Stenoma rhodocolpa

Scientific classification
- Domain: Eukaryota
- Kingdom: Animalia
- Phylum: Arthropoda
- Class: Insecta
- Order: Lepidoptera
- Family: Depressariidae
- Genus: Stenoma
- Species: S. rhodocolpa
- Binomial name: Stenoma rhodocolpa Meyrick, 1916
- Synonyms: Stenoma orthroptila Meyrick, 1936;

= Stenoma rhodocolpa =

- Authority: Meyrick, 1916
- Synonyms: Stenoma orthroptila Meyrick, 1936

Species of moth

Stenoma rhodocolpa is a moth of the family Depressariidae. It is found in French Guiana and Peru.

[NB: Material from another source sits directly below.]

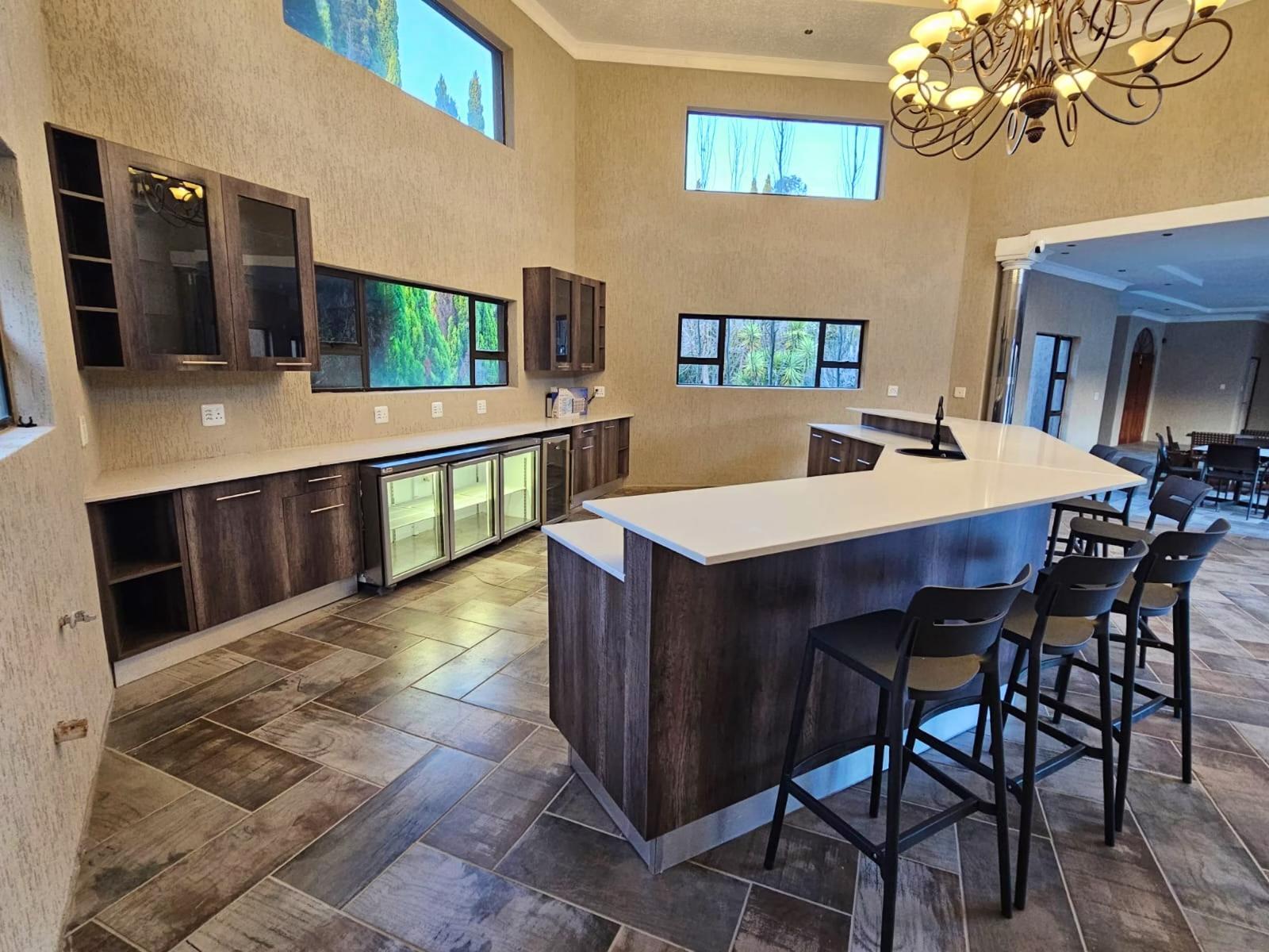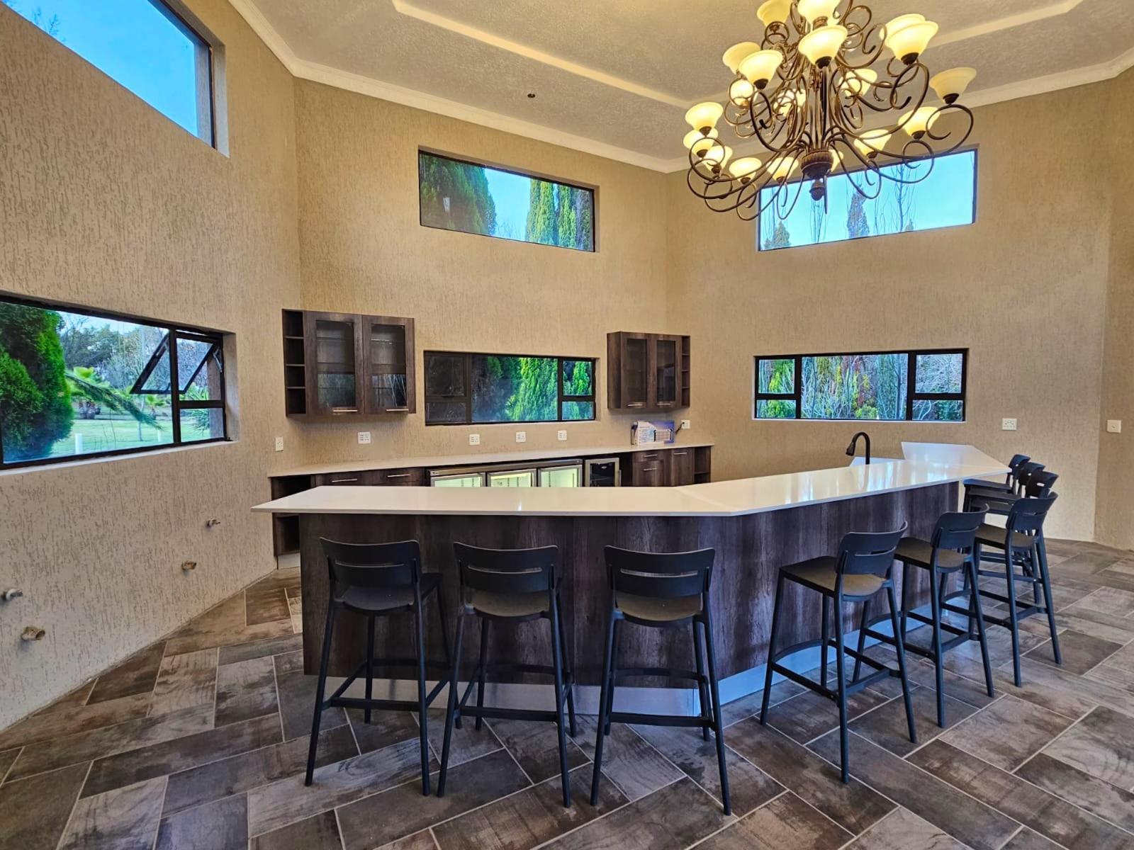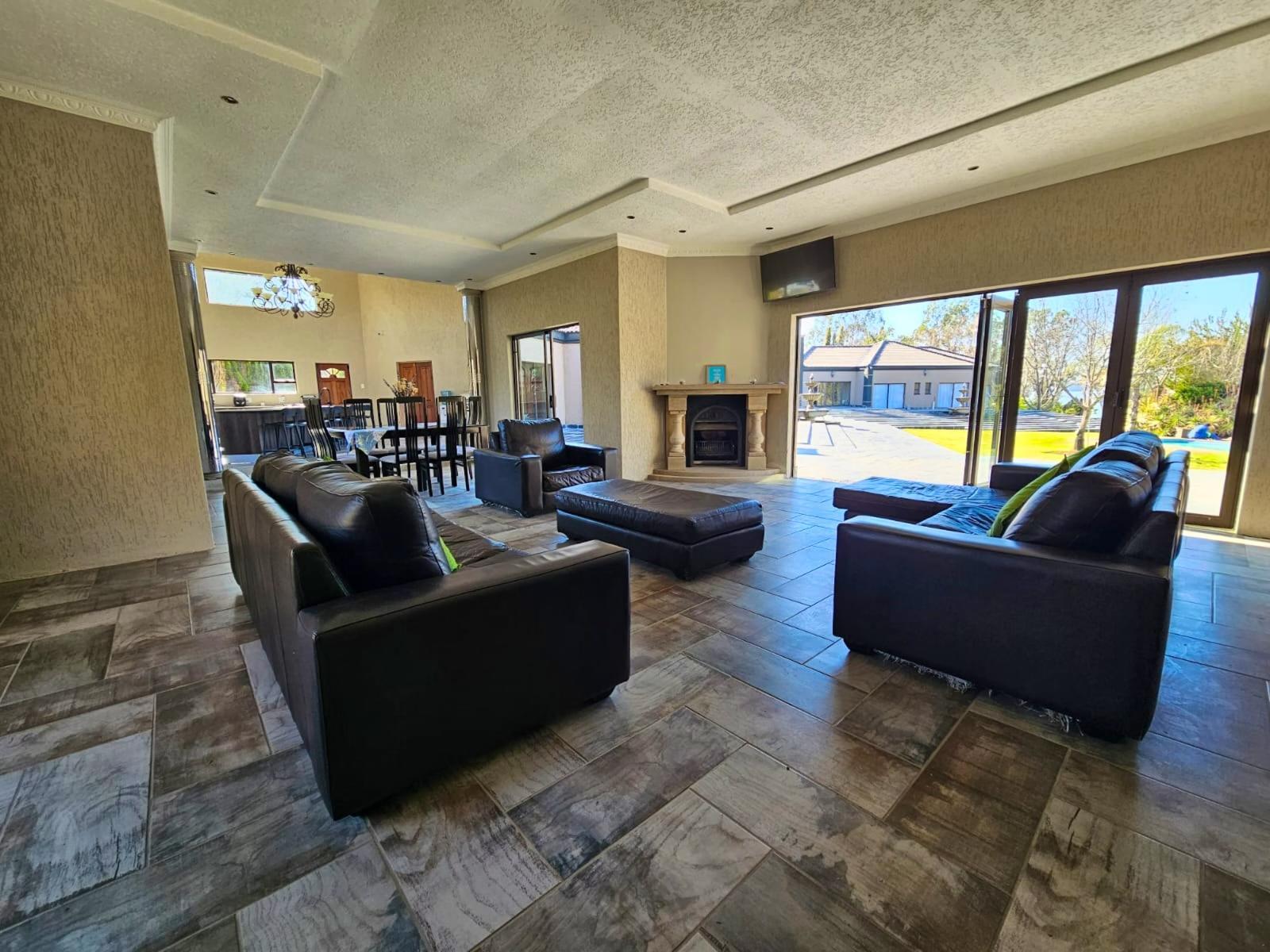 Nestled within the prestigious Peninsula Estate in Oranjeville, Freeman Manor - Peninsula is an unparalleled luxury villa. This exceptionally spacious and beautifully appointed residence offers every modern convenience and thoughtful amenity for an uplifting stay. It serves as the ideal, exclusive retreat for large families or sophisticated groups of friends seeking a five-star experience in total privacy. Designed for unparalleled comfort and privacy, the villa features twelve lavish, individually designed en-suite bedrooms, each appointed with a comfortable queen-size bed. This generous setup ensures every guest enjoys a private retreat, perfectly suitable for large families or sophisticated groups of friends, with a maximum capacity of twenty-four guests. The en-suite bathrooms offer convenience and choice; all bedrooms are equipped with modern walk-in showers, and three feature relaxing soaking baths. The heart of the home is the expansive, open-plan living area, engineered for seamless socialising and dining. The area centres around a gourmet-ready kitchen, fully equipped with an oven, stove, microwave, fridge-freezer, and dishwasher, plus the modern convenience of an air fryer. Guests can gather casually at the breakfast bar with stools. Adjacent to the kitchen, an 8-seater dining table sets the scene for communal meals, leading directly into the primary lounge area. This inviting space features comfortable couches, a TV, and a cosy fireplace, ideal for relaxing evenings. Outdoors, guests can relax in the lush gardens, which feature a koi pond, a braai area, and a swimming pool

The wingspan is about 23 mm. The forewings are pale ochreous yellowish and the costal and terminal edge are pale pink. There is a blackish blotch running from the base of the costa to the dorsum at two-fifths, but leaving the dorsum narrowly pale yellowish on the basal fourth, the posterior extremity truncate, the reaching the fold. The dorsal area is faintly fuscous tinged beyond this with a broad purple-blackish fascia from two-thirds of the costa to the tornus, abruptly narrowed on the costa but otherwise of nearly even width, the anterior edge prominent in the middle and towards the costa, leaving a moderately broad triangular apical patch of ground colour. The hindwings are grey, with the costa somewhat sinuate towards three-fourths, with a patch of longer rosy-pink cilia before the sinuation.